### About this exercise:
Go to the line that contains "Смеситель для кухни", then write out that line and all that follow to the end of the listing, exactly and without pictures.

### Given data:
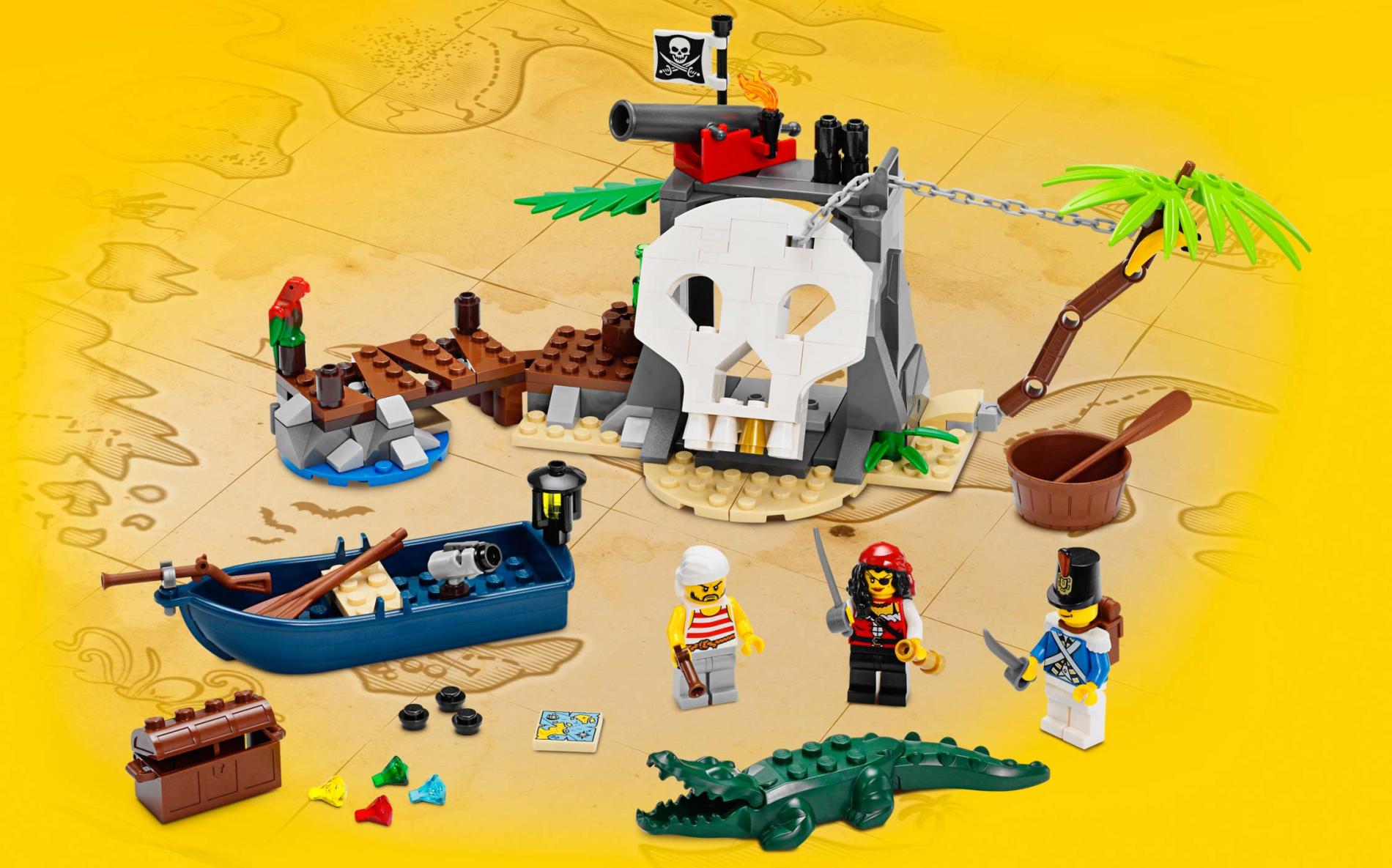 | 1 X Tile 2 x 2 with Map with Red 'X' and Blue Water, Yellow Land, Compass and Pirate Ship Pattern | Tan |   |  |
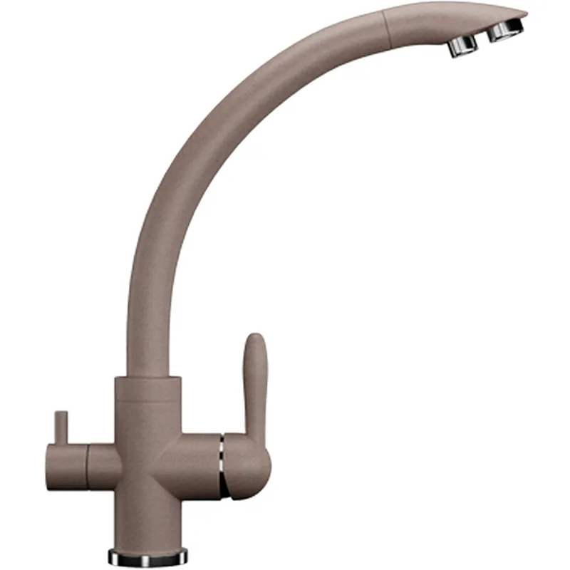 Смеситель для кухни Ulgran Classic U-017-302.Характеристики: Цвет: песочный. Материал: латунь. Покрытие: под искусственный камень. Управление: однорычажное. Излив: поворотный (вращение на 360 градусов). Механизм: керамический картридж Wanhai 35 мм, кран-букса с керамическими пластинами (для фильтрованной воды). Тип подводки: гибкая подводка 450 мм. Минимальное давление: 0.5 бар. Рабочее давление: 2-4 бар. Максимальное давление: 6 бар. С дополнительным изливом для фильтрованной воды. Аэратор. Монтаж: на мойку. В комплекте поставки: Смеситель в фирменной коробке. Гибкая подводка 450 мм. Керамический картридж Wanhai. Крепление. Дополнительный излив для фильтрованной воды (кран-букса с керамическими пластинами). Набор для подсоединения фильтра питьевой воды (гибкая подводка и переходник-цанга). Технический паспорт, гарантийный талон.
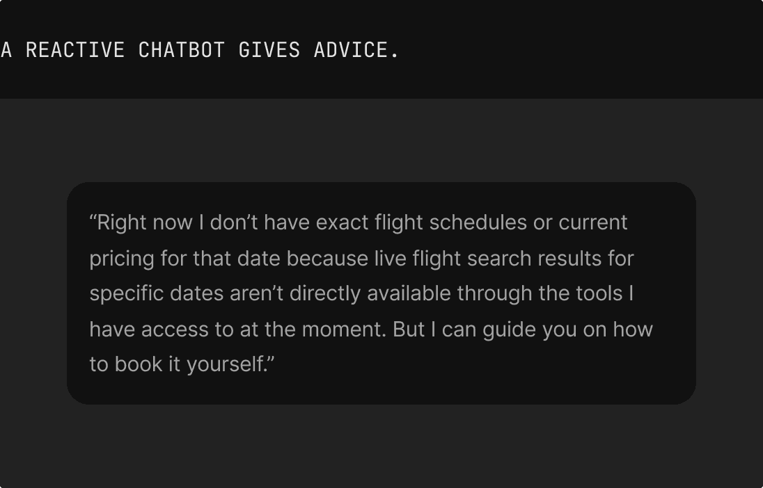 An AI agent is goal-driven: You give it an objective and constraints. It figures out what to do next, in what order, and how to recover when something goes wrong.
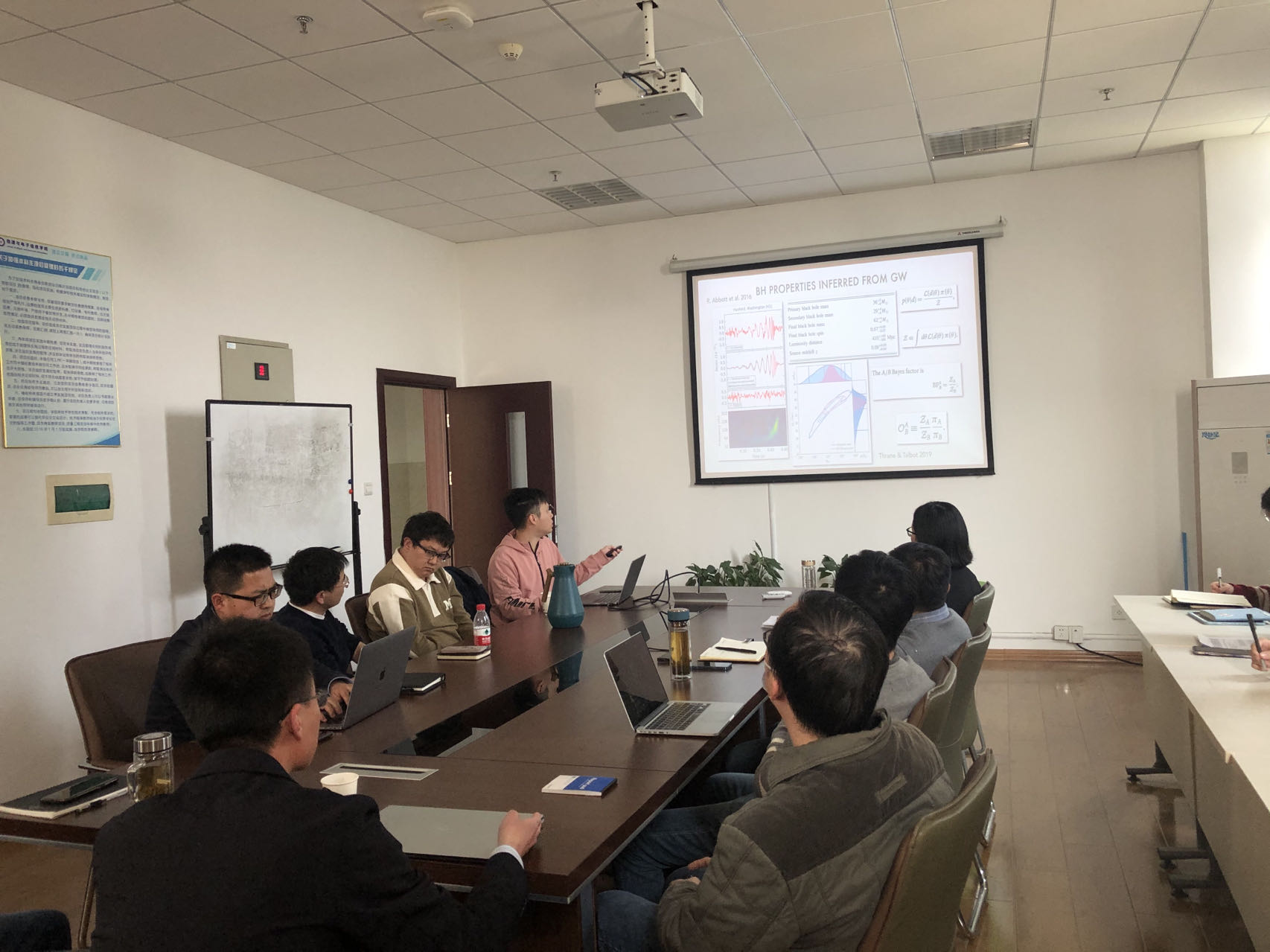 报告会上,王远瞩博士介绍了最新的激光干涉引力波探测网络(LIGO/Virgo/KAGRA)对双黑洞的最新探测。至今,人们通过引力波探测已经发现超过90个双黑洞并合事件的候选体,我们得以从这些事件的观测数据中推断出它们的质量、自旋、距离等重要信息。然而,科学界对于这些事件的起源和演化还没有统一的答案,所提出的猜想包括恒星演化、多次并合原初黑洞等。在这次报告中,报告人介绍一些该领域内为了探索双黑洞形成渠道所做的不同尝试,其中包括利用不同先验信息对单个事件进行推断,以及在分布中寻找不同渠道留下的统计特征等。报告会结束后,与会师生就相关问题同王远瞩博士展开了热烈讨论和交流。

### Output of the exercise:
 Смеситель для кухни Ulgran Classic U-017-302.Характеристики: Цвет: песочный. Материал: латунь. Покрытие: под искусственный камень. Управление: однорычажное. Излив: поворотный (вращение на 360 градусов). Механизм: керамический картридж Wanhai 35 мм, кран-букса с керамическими пластинами (для фильтрованной воды). Тип подводки: гибкая подводка 450 мм. Минимальное давление: 0.5 бар. Рабочее давление: 2-4 бар. Максимальное давление: 6 бар. С дополнительным изливом для фильтрованной воды. Аэратор. Монтаж: на мойку. В комплекте поставки: Смеситель в фирменной коробке. Гибкая подводка 450 мм. Керамический картридж Wanhai. Крепление. Дополнительный излив для фильтрованной воды (кран-букса с керамическими пластинами). Набор для подсоединения фильтра питьевой воды (гибкая подводка и переходник-цанга). Технический паспорт, гарантийный талон.
 An AI agent is goal-driven: You give it an objective and constraints. It figures out what to do next, in what order, and how to recover when something goes wrong.
 报告会上,王远瞩博士介绍了最新的激光干涉引力波探测网络(LIGO/Virgo/KAGRA)对双黑洞的最新探测。至今,人们通过引力波探测已经发现超过90个双黑洞并合事件的候选体,我们得以从这些事件的观测数据中推断出它们的质量、自旋、距离等重要信息。然而,科学界对于这些事件的起源和演化还没有统一的答案,所提出的猜想包括恒星演化、多次并合原初黑洞等。在这次报告中,报告人介绍一些该领域内为了探索双黑洞形成渠道所做的不同尝试,其中包括利用不同先验信息对单个事件进行推断,以及在分布中寻找不同渠道留下的统计特征等。报告会结束后,与会师生就相关问题同王远瞩博士展开了热烈讨论和交流。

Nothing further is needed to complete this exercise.